Detailed Description
In order to make the objects, technical solutions and advantages of the present invention more apparent, the present invention is further described in detail below with reference to the accompanying drawings and examples. It should be understood that the specific examples described herein are intended to be illustrative only and are not intended to be limiting. In addition, the technical features involved in the embodiments of the present invention described below may be combined with each other as long as they do not conflict with each other.
The design summary of the present invention is shown in fig. 1, wherein a gray part is a module added in addition to an existing data set and a sparse tensor storage format, and tnsnnet is a custom Convolutional Neural Network (CNN) implemented by the present invention.
As shown in fig. 1: the method comprises the following specific implementation steps:
step 1: the method comprises the steps of collecting a sparse matrix data set of a real world (such as a social network, an image bitmap and the like), wherein the sparse matrix is widely applied to numerical analysis (such as solving partial differential equations) and practical problems (such as the social network, the image bitmap and the like), randomly selecting two or more sparse matrices, and combining the two or more sparse matrices to obtain enough sparse tensor data for network training. Combining the index values of the sparse matrix in rows and columns into the high dimension or the low dimension of the sparse tensor, and finally generating a sparse tensor data set of a specific order;
and 2, step: and storing the sparse tensor data set into various sparse tensor formats, performing tensor calculation on a specific hardware platform to obtain the execution time of the sparse tensor data set, and converting the execution time into a label of corresponding tensor data. The specific conversion method is that the sparse storage format with the shortest execution time is marked as 1, and other sparse storage formats are marked as 0, so that a bit label of a corresponding tensor is obtained;
and step 3: the sparse tensor data is reduced by the mapping method to a number of matrices along a certain dimension, which corresponds to the dimension of the tensor calculation performed in step 2. The mapping of the third order tensor in the first dimension (Mode-1) is shown in figure 2. The specific method comprises the following steps:
(1) let tensor X be third order and map to matrix A along the first dimension (Mode-1). Specifically, the non-zero values of all slices (Slice) of the tensor along Mode-1 are mapped and accumulated onto the same Slice (the non-zero values are all regarded as 1 when accumulated). Definition of X ∈ RI×J×K,A∈RJ×KWhere I, J, K is the dimension of the tensor X in three directions, the matrix A is calculated asThe mapping matrix of the tensor X along other dimensions can be analogized in the same way;
(2) let tensor X be of order N and mapped as matrices along Mode-1. In particular, non-zero values are mapped to the same slice with a fixed N-2 indices at a time, resulting in the final generationA matrix. Definition of Wherein INRepresenting the magnitude of the Nth dimension, the equation for mapping the tensor X to the matrix A along Mode-1 isThe other matrices generated by tensor X along Mode-1 can be analogized in the same way.

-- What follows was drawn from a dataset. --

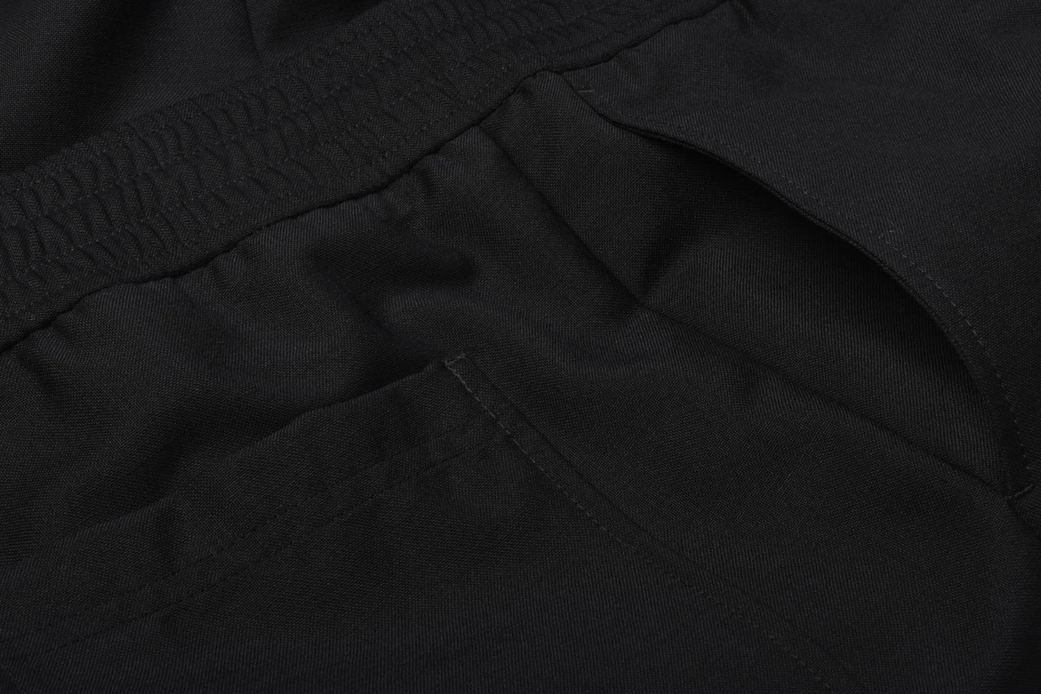 A chic hybrid trouser that has the feel of a track pant but the drape and fabric of a formal trouser. Constructed in a fine wool/ mohair blend, details are minimal with a faux fly, single back patch pocket, elasticated waist with elastic drawstring and side pockets. The fit is tapered and can be worn formally or casually.
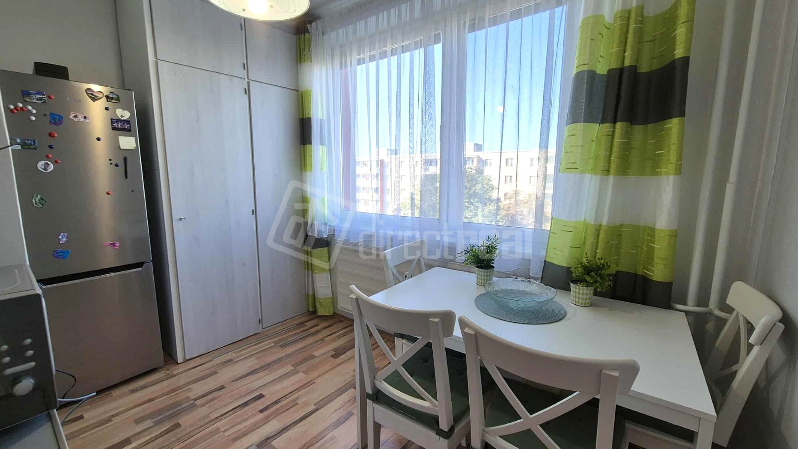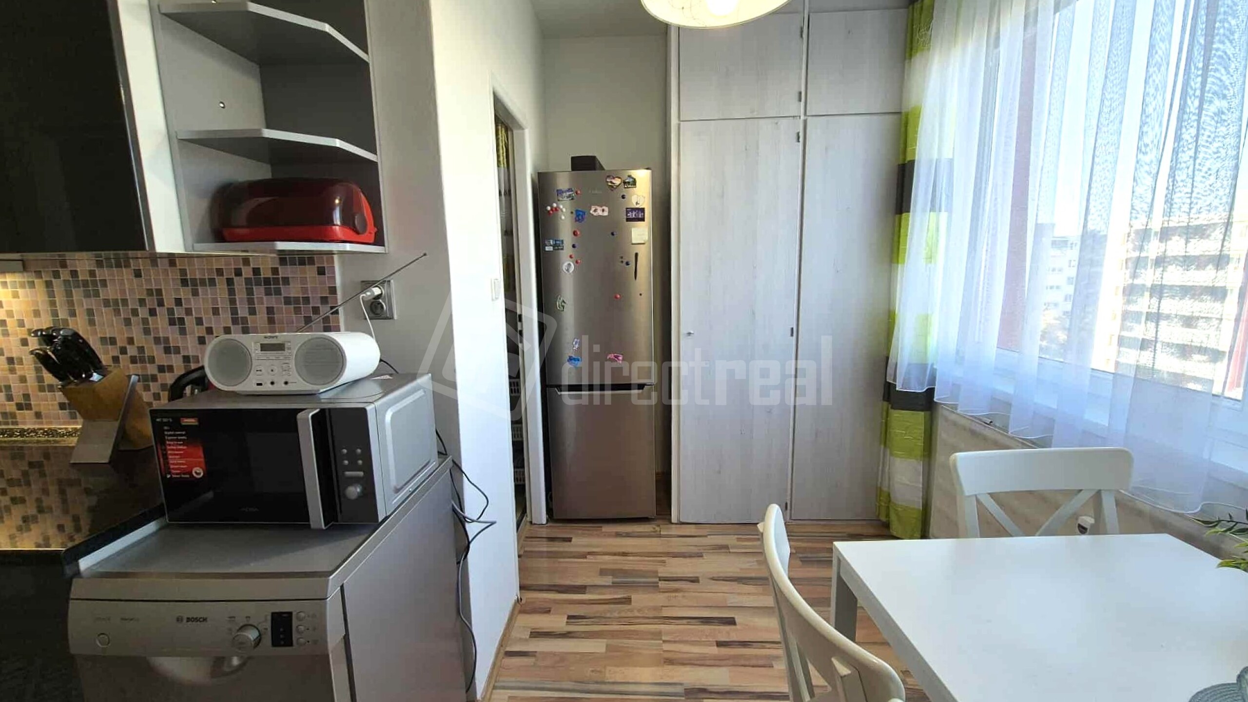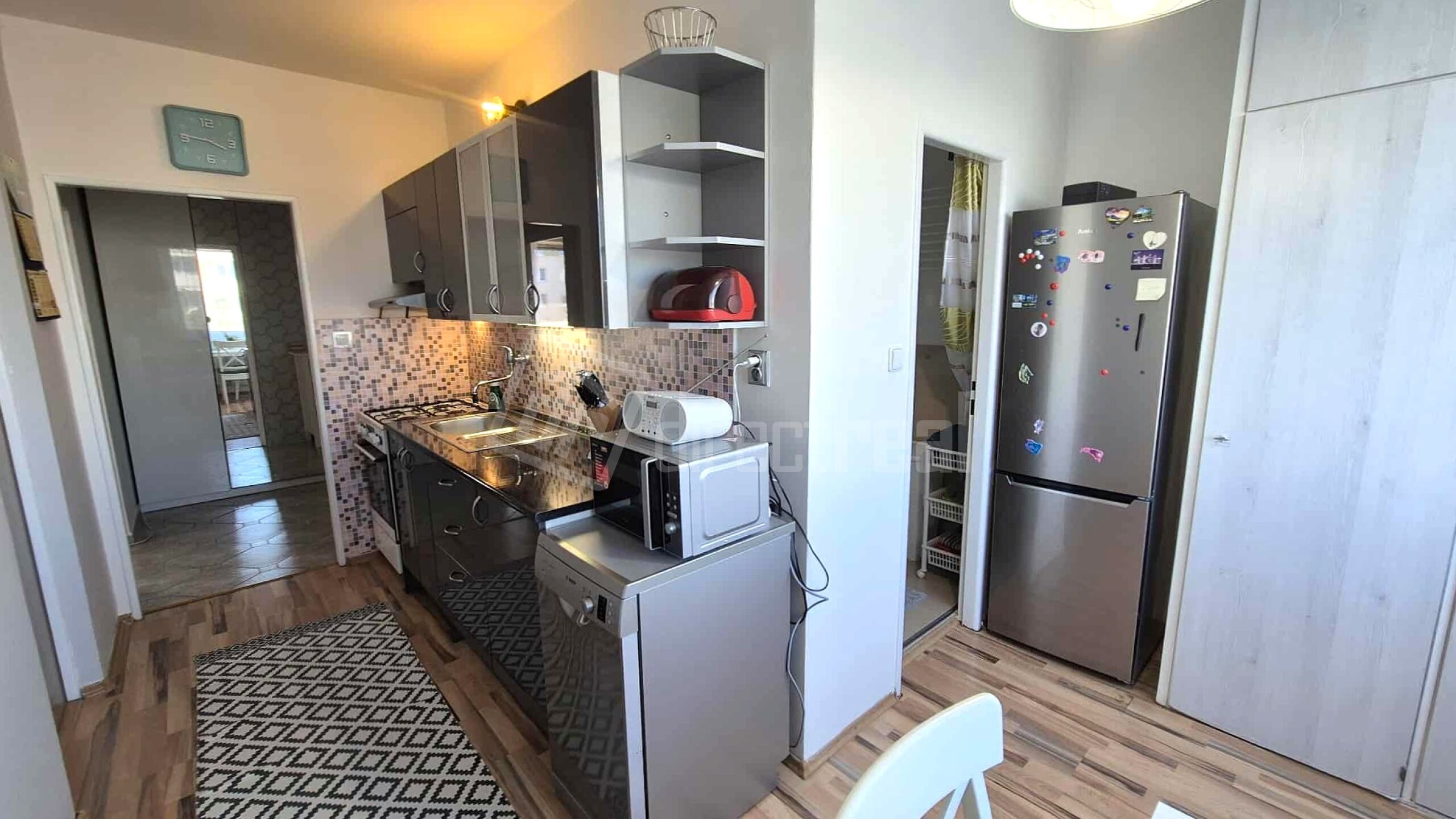 Kuchyňa je vybavená plynovým sporákom, elektrickou rúrou, mikrovlnnou rúrou, umývačkou riadu, chladničkou a mrazničkou. Jedálenský stôl so 4 stoličkami je umiestnený pri okne. Miesto tu má aj potravinová skriňa.

And 4, step 4: the sparse tensor data is reduced by a flattening method to a matrix along a dimension corresponding to the dimension in which the tensor calculation is performed in step 2. The flattening of the third order tensor in the first dimension (Mode-1) is shown in FIG. 2. The specific method comprises the following steps:
(1) let tensor X be third order and each element in X is flattened to the corresponding matrix. Definition of X ∈ RI×J×K,B∈RI×JKThe tensor X is then flattened along Mode-1 to the matrix B, and the calculation formula is B(i,k×J+j)X (i, j, k). The flattening matrix of the tensor X along other dimensions can be analogized in the same way;
(2) let tensor X be of order N, and each element in X is flattened to a corresponding matrix. Definition ofThe equation for the tensor X flattened into a matrix along Mode-n isWherein the tensor element (i)1,i2,...,iN) Mapping to matrix elements (i)nJ). The flattening matrices of tensor X along other dimensions can be analogized.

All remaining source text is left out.